Installation view. Grouping of black and white and colour photographs, pencil on paper drawings, newspaper clips, and documents related to Lorenza’s thesis (1984).
The Politicization of Freaks: From Disability to Queer Crip Pride
Lorenza graduated from the Kassel Art School with a large self-portrait mural made with footprints in the form of impressionist brushstrokes. In addition to this work she wrote a thesis entitled Behindert?!” (Disabled?!), where she critically examined the place that the non-conforming body occupies in art history and advocated for the recognition of the armless body as a social and artistic agent.
In this research, Lorenza studied the genealogy of the freak show in European society. The Freak Show was a crucial moment in the modern invention of disability, as it placed the non-conforming body at the limits of the human and, at the same time, lauded it in theatrical shows. The freak show appears in a moment of transition between the theological regime where the non-conforming body was seen as an unnatural monstrosity and its transformation into an object of scientific research and by extension the disability industries.

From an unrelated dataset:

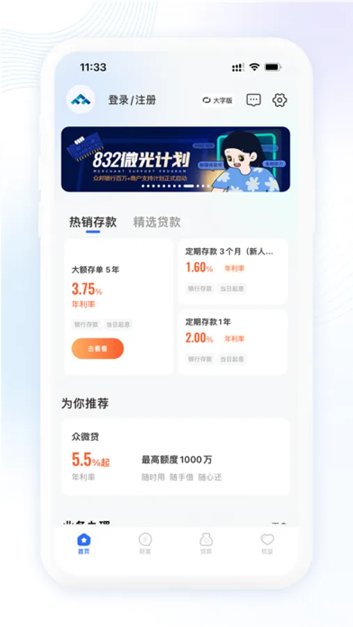 众邦银行APP围绕“存、贷、投”金融产品体系,满足用户多样化投融资及便民生活服务类需求。

Lorenza struggled to create a new image within this narrow frame of visibility: between the regimes of popular spectacularization of the body of the freak show and the medical perspective of the body as pathology. Hence, she returned obsessively to the images of Tod Browning’s film Freaks (1932), collecting posters of freak shows and including freak motifs in her performances. Her thesis was accompanied by a performance called Lorenza, the wonder without arms in which she assumed the role of the freak, and used language and performance as critical techniques of “disenfreakment.” Her career was a battle to overcome the regime of visibility of the freak, but she was often forced to come back to it, posing for photographer Joel Peter Witkin, playing the role of the gifted disabled in advertising, or performing as the mascot of the Paralympic games in Barcelona in 1992.